● **INPUT DATA**
· · · ·

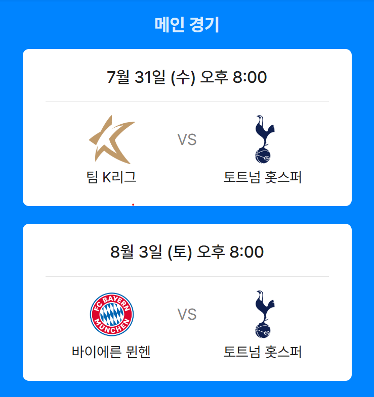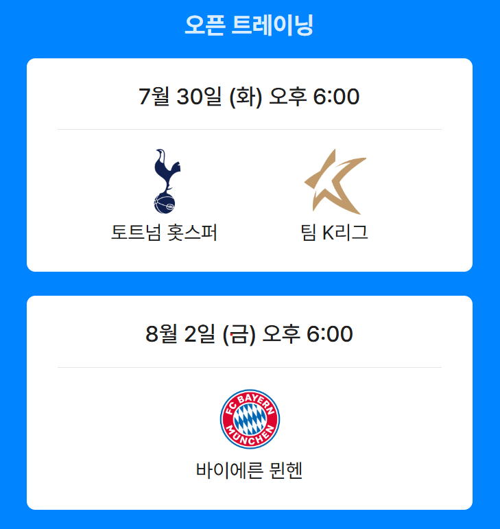 | 오픈 트레이닝 | K리그 vs 토트넘 | 오픈 트레이닝 | 뮌헨vs 토트넘 |
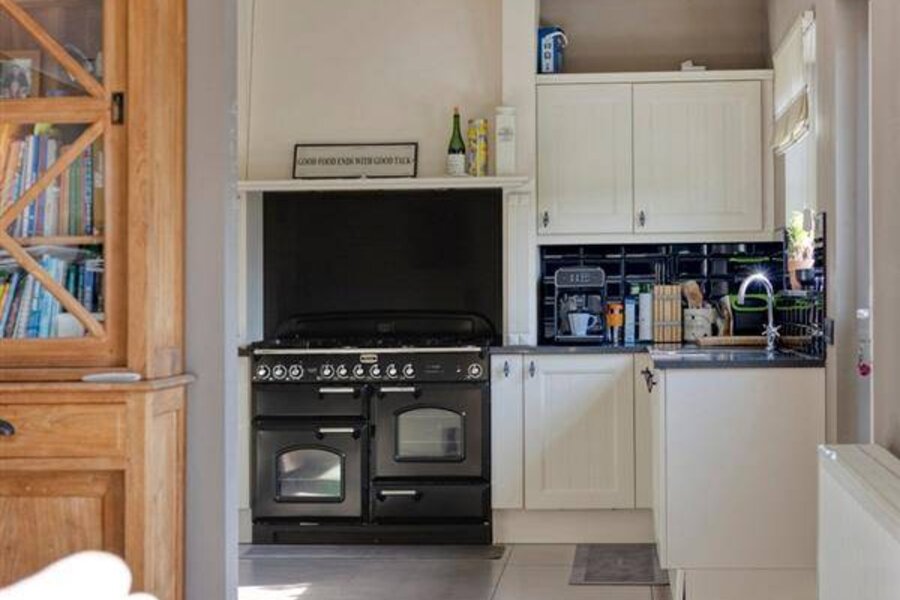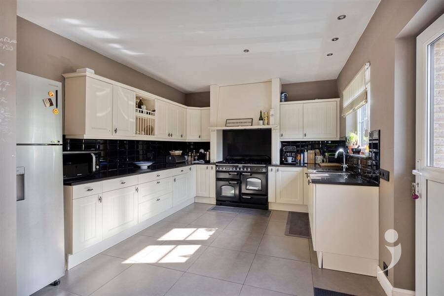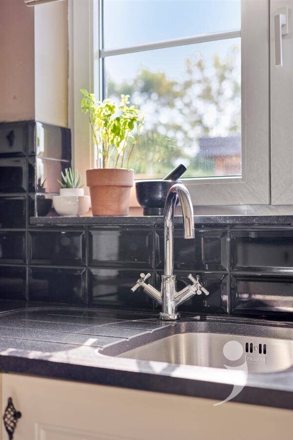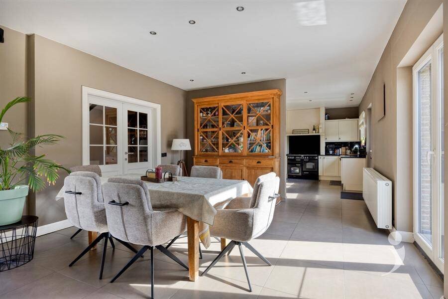 De lichtrijke leefruimte met houtkachel vormt het hart van de woning en straalt pure gezelligheid uit. Aansluitend bevinden zich de eetplaats en de volledig uitgeruste keuken, voorzien van alle nodige comfort, voldoende kastruimte en kwalitatieve toestellen ideaal voor wie graag kookt en geniet.
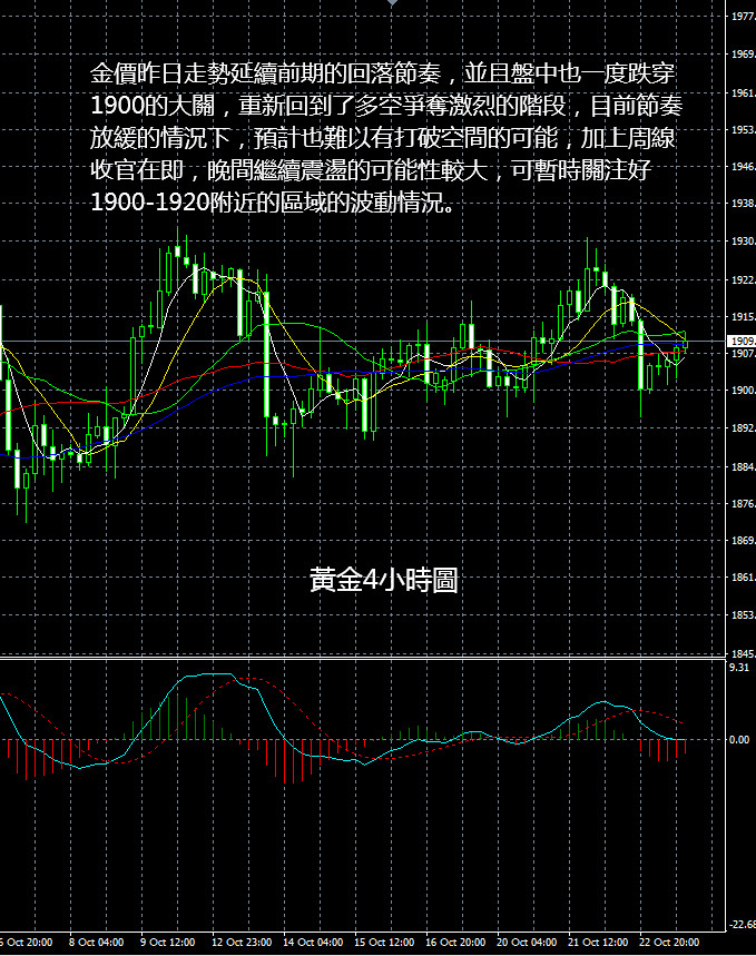 從現貨黃金4小時圖看,金價昨日走勢延續前期的回落節奏,並且盤中也一度跌穿1900的大關,重新回到了多空爭奪激烈的階段,目前節奏放緩的情況下,預計也難以有打破空間的可能,加上周線收官在即,晚間繼續震盪的可能性較大,可暫時關注好1900-1920附近的區域的波動情況。 從現貨黃金1小時圖看,早間亞盤時段黃金逐步企穩陣腳後,多頭開始有所反擊,儘管力度不算太大,但是目前重新處於1910附近,也意味著下方的支撐效果依然不俗,現階段短期均線組再度拐頭向上,MACD指標也在延續金叉開口,晚間或者還會有一定的反彈空間,儘管幅度有限,操作上建議美盤早段低多為主,但觀察節奏配合高空。
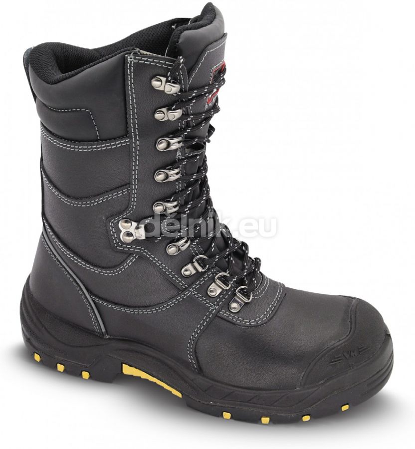 svršek: lícová hovězinová useň v tloušťce 2,0 - 2,2 mm; podšívka: laminovaná termoizolační textilie FLESH; vkládací stélka: HI-POLY - anatomicky tvarovaná z lehčené polyuretanové pěny potažená textilií MESH, antistatická; podešev: PU/RUBBER - do 300°C, olejivzdorná, antistatická, protiskluzová, dvousložkový nástřik; velikost: 37 - 48; norma: ČSN EN ISO 20345:2012 (EN ISO 20345:2011); provedení: S3 HRO SRC - s ocelovou tužinkou a planžetou, hydrofobní

· · · ·

● **PROBLEM DESCRIPTION**
Would you copy out the material above exactly, without the pictures in it?

● **WRITTEN ANSWER**
 | 오픈 트레이닝 | K리그 vs 토트넘 | 오픈 트레이닝 | 뮌헨vs 토트넘 |
 De lichtrijke leefruimte met houtkachel vormt het hart van de woning en straalt pure gezelligheid uit. Aansluitend bevinden zich de eetplaats en de volledig uitgeruste keuken, voorzien van alle nodige comfort, voldoende kastruimte en kwalitatieve toestellen ideaal voor wie graag kookt en geniet.
 從現貨黃金4小時圖看,金價昨日走勢延續前期的回落節奏,並且盤中也一度跌穿1900的大關,重新回到了多空爭奪激烈的階段,目前節奏放緩的情況下,預計也難以有打破空間的可能,加上周線收官在即,晚間繼續震盪的可能性較大,可暫時關注好1900-1920附近的區域的波動情況。 從現貨黃金1小時圖看,早間亞盤時段黃金逐步企穩陣腳後,多頭開始有所反擊,儘管力度不算太大,但是目前重新處於1910附近,也意味著下方的支撐效果依然不俗,現階段短期均線組再度拐頭向上,MACD指標也在延續金叉開口,晚間或者還會有一定的反彈空間,儘管幅度有限,操作上建議美盤早段低多為主,但觀察節奏配合高空。
 svršek: lícová hovězinová useň v tloušťce 2,0 - 2,2 mm; podšívka: laminovaná termoizolační textilie FLESH; vkládací stélka: HI-POLY - anatomicky tvarovaná z lehčené polyuretanové pěny potažená textilií MESH, antistatická; podešev: PU/RUBBER - do 300°C, olejivzdorná, antistatická, protiskluzová, dvousložkový nástřik; velikost: 37 - 48; norma: ČSN EN ISO 20345:2012 (EN ISO 20345:2011); provedení: S3 HRO SRC - s ocelovou tužinkou a planžetou, hydrofobní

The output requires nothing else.